Besides tumor cells, PD-L1 expression of immune cells also influence the effectiveness of immunotherapy [1]. However, compared with TPS, the concordances of IPS by different pathologists were low [13]. We optimized our image analysis for IPS evaluation. The result demonstrated that high IPS scores were significantly associated with high TPS cases. As same as our results, the previous researches have mentioned that high PD-L1 expression in immune cells was significantly associated with high PD-L1 level in tumor [32, 33]. Actually, there were limited research about automated IPS evaluation. This is partially due to the difficulties of recognizing and distinguishing tumor regions and tumor related immune cells. Our research revealed that combining R-Net and C-Net could improve the accuracy of automated IPS evaluation. However, we need assess the concordances between pathologists and image analysis IPS scores directly in the future.

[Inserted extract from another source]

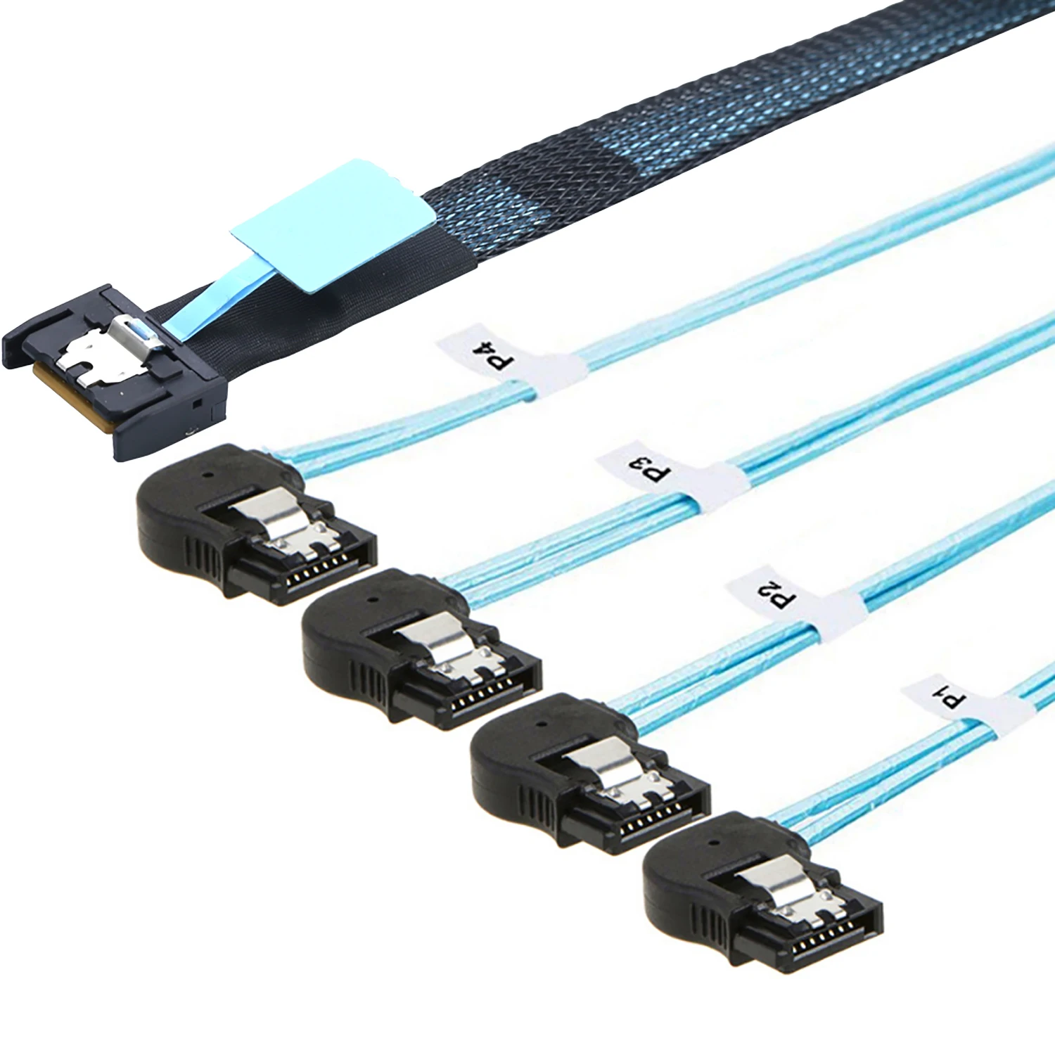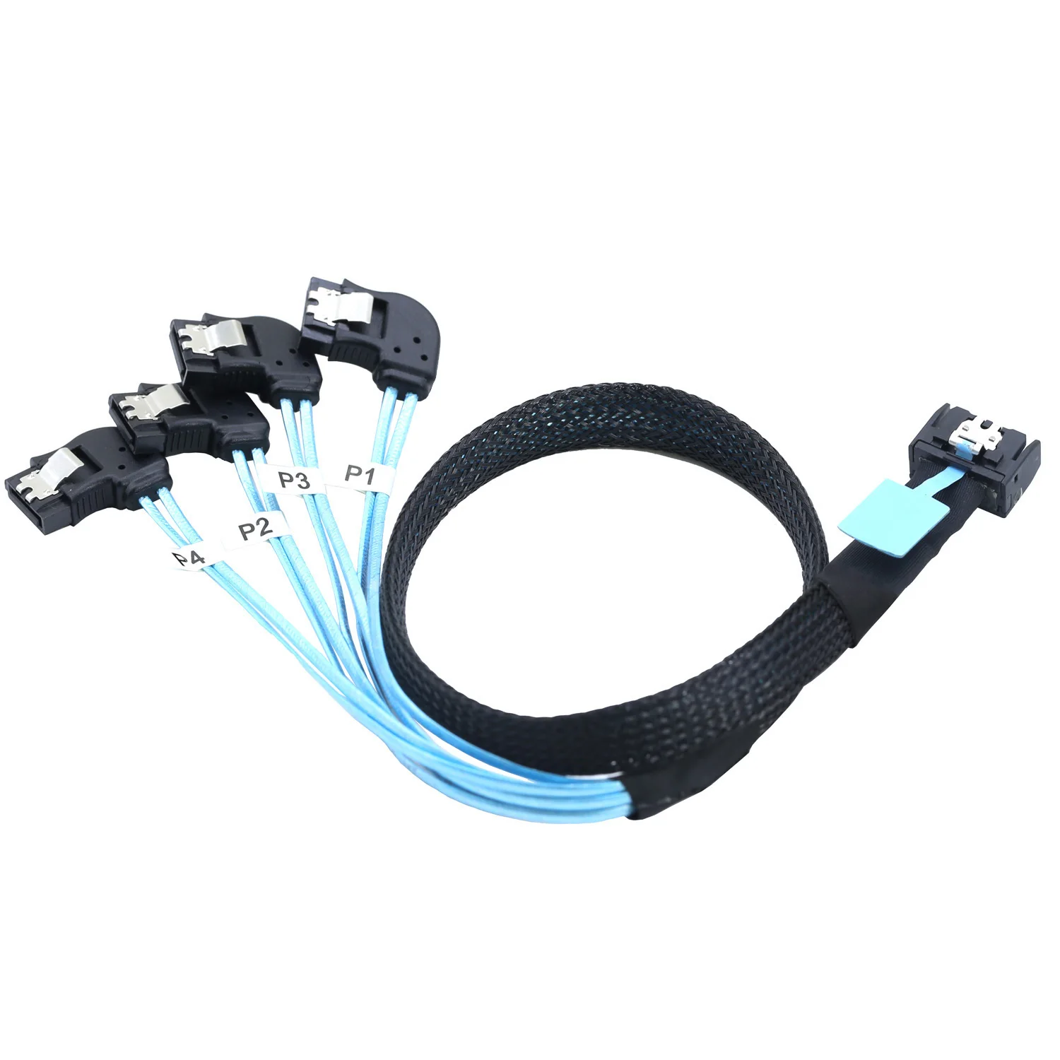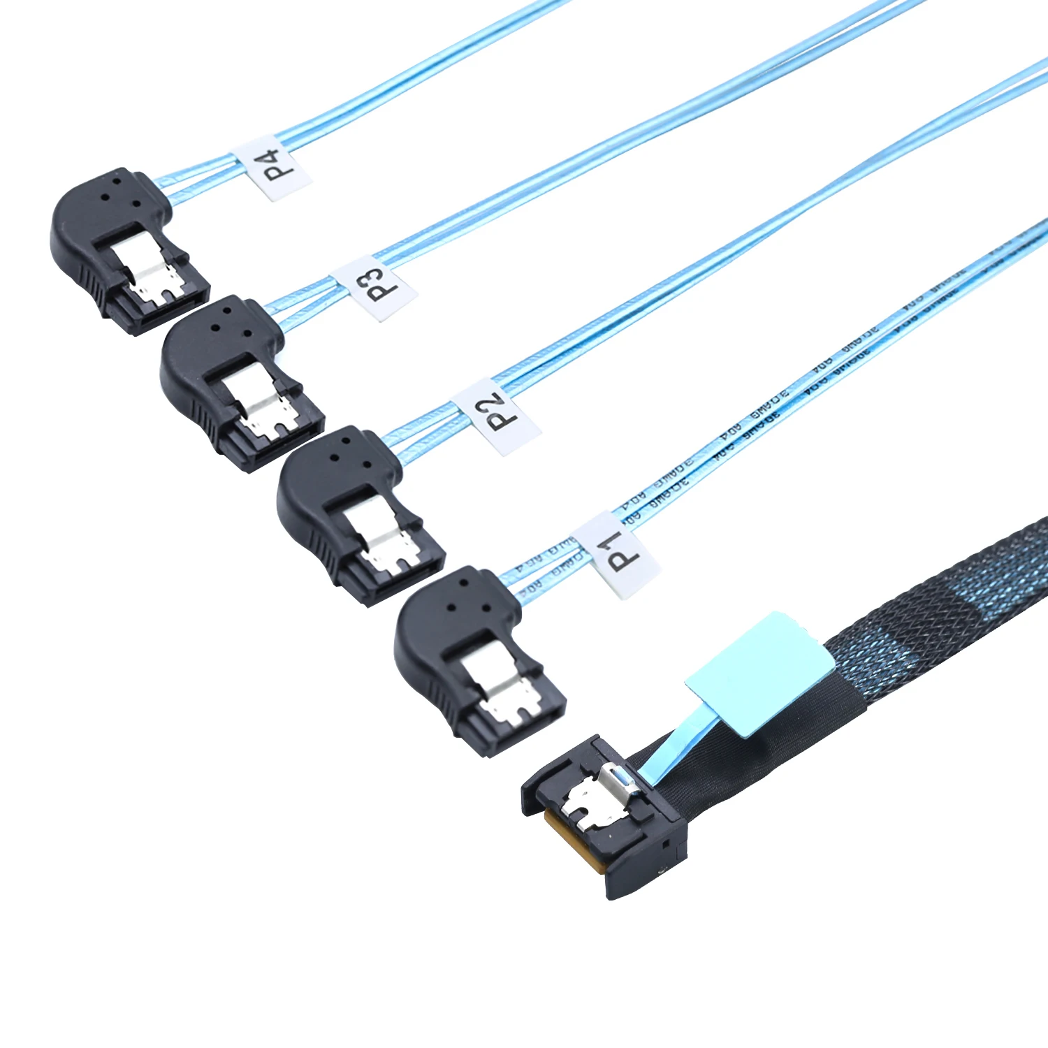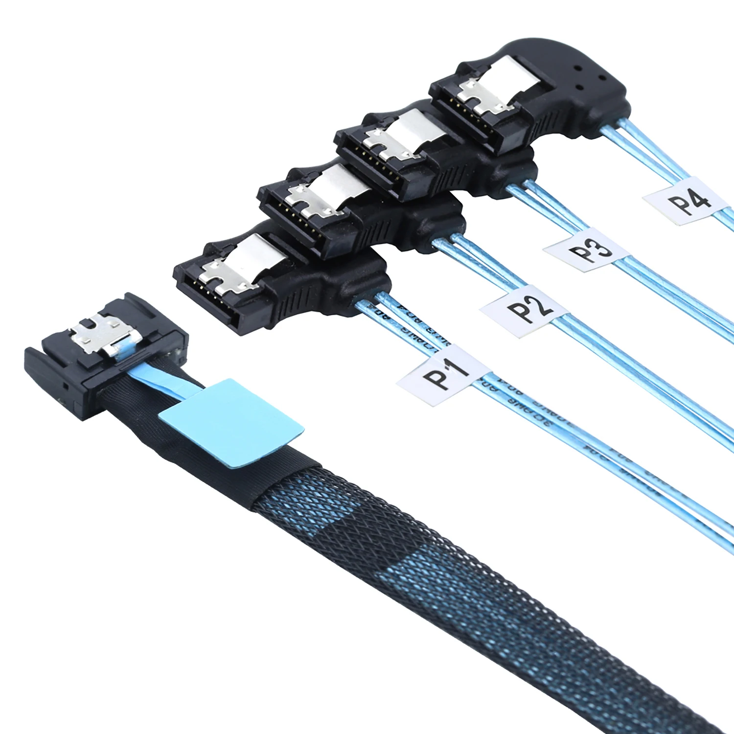Comprar Cable de disco duro interno PCIE Slimline Mini SAS MCIO SFF-8654 4I 38P a 4X SATA, ángulo izquierdo

There are several limitations in this study. First, the training or validation samples used for our research were core biopsy or large section samples. Cytology samples of patients in advanced stage of disease like fine needle aspiration biopsy, bronchoalveolar lavage fluid, and hydrothorax samples are required to further understand the efficiency of the image analysis [34]. Unfortunately, none of the pivotal clinical trials included cytology specimens for the development of the companion PD-L1 IHC assays [13]. Nevertheless, a series of studies have reported on the concordance of PD-L1 assessment on cytology versus matching surgical specimens, and tumor cell PD-L1 scoring between different PD-L1 IHC assays in cytology samples were reliable based on literature report [35,36,37]. Thus, utilization of our scoring algorithm in cytology samples are promising though further training and validation are warranted. In addition, earlier studies demonstrated that the PD-L1 expression between primary and metastatic tumors was discordant [38], and the PD-L1 expression of metastatic tumors was also associated with either immunotherapy response or survival [39]. Furthermore, as our training and validating cases consisted of primary tumors, recognizing positive and negative tumor cells among whole sample images would be a challenge.

Conclusion

In conclusion, the proposed automated TPS system based on image analysis algorithm comprising C-Net with a weighted pixel-wise cross-entropy as loss function and R-Net achieved a comparable concordance with pathologist scores. As observed in a previously published study [21], the concordances at high cutoff values were better than at low cutoff values. The concordances in squamous cell carcinomas and adenocarcinomas varied at different cutoff evaluations. In addition, our research revealed that combining R-Net and C-Net could potentially improve the accuracy of automated IPS evaluation.